U.S. Sen. JD Vance, R-Ohio, speaks to reporters in the spin room following the CNN Presidential Debate between U.S. President Joe Biden and Republican presidential candidate, former U.S. President Donald Trump at the McCamish Pavilion on the Georgia Institute of Technology campus on June 27, 2024, in Atlanta, Georgia. President Biden and former President Trump are faced off in the first presidential debate of the 2024 campaign.
U.S. Sen. JD Vance, R-Ohio, speaks to reporters in the spin room following the CNN Presidential Debate between U.S. President Joe Biden and Republican presidential candidate, former U.S. President Donald Trump at the McCamish Pavilion on the Georgia Institute of Technology campus on June 27, 2024, in Atlanta, Georgia. President Biden and former President Trump are faced off in the first presidential debate of the 2024 campaign. | Andrew Harnik/Getty Images

Sen. J.D. Vance, the Republican vice presidential nominee, questioned the lack of curiosity of the mainstream media to look into the disputed claims of Democrat Vice President Kamala Harris, who said she once worked at McDonald’s. 

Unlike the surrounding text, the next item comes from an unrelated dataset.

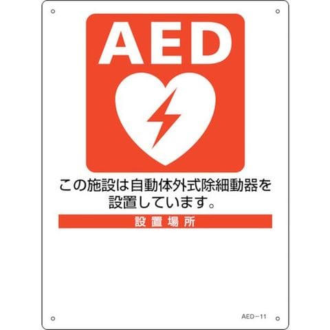 ・表示内容:AED設置場所・取付仕様:穴4ヵ所・縦(mm):300・横(mm):225・厚さ(mm):1・タイプ:標準・取付方法:ビス止めまたはテープ止め(ビス、テープ別売)
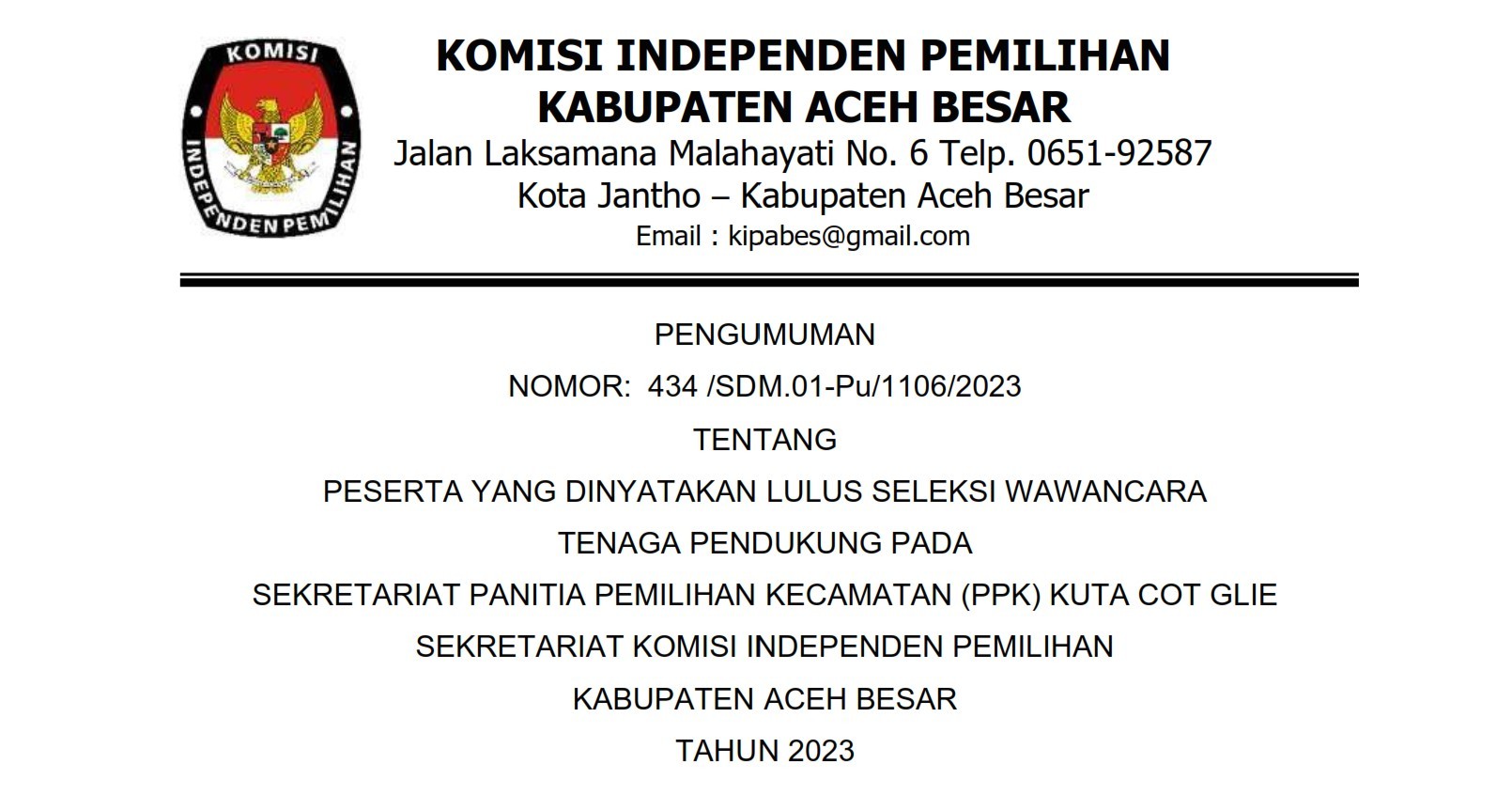 Berdasarkan hasil Seleksi Wawancara Tenaga Pendukung pada Sekretariat Panitia Pemilihan Kecamatan (PPK) Kuta Cot Glie Sekretariat Komisi Independen Pemilihan Kabupaten Aceh Besar Tahun 2023, diumumkan bahwa peserta sesuai lampiran dinyatakan lulus Seleksi Wawancara dan selanjutnya ditetapkan sebagai Tenaga Pendukung pada Sekretariat Panitia Pemilihan Kecamatan (PPK) Kuta Cot Glie Sekretariat Komisi Independen Pemilihan Kabupaten Aceh Besar Tahun 2023. Selengkapnya....

During an appearance on “America’s Newsroom” with Fox News’ Bill Hemmer and Dana Perino on Monday, Vance said he and former President Donald Trump have discussed Harris’ claim of working at McDonald’s during her college years. 

“What we find weird about this is that Kamala Harris has been able to produce no evidence that she worked at McDonald’s,” Vance stated. “And she didn’t even talk about it until 2019 during, I believe, her first run for the United States Senate, so I don’t know what’s ultimately true here.”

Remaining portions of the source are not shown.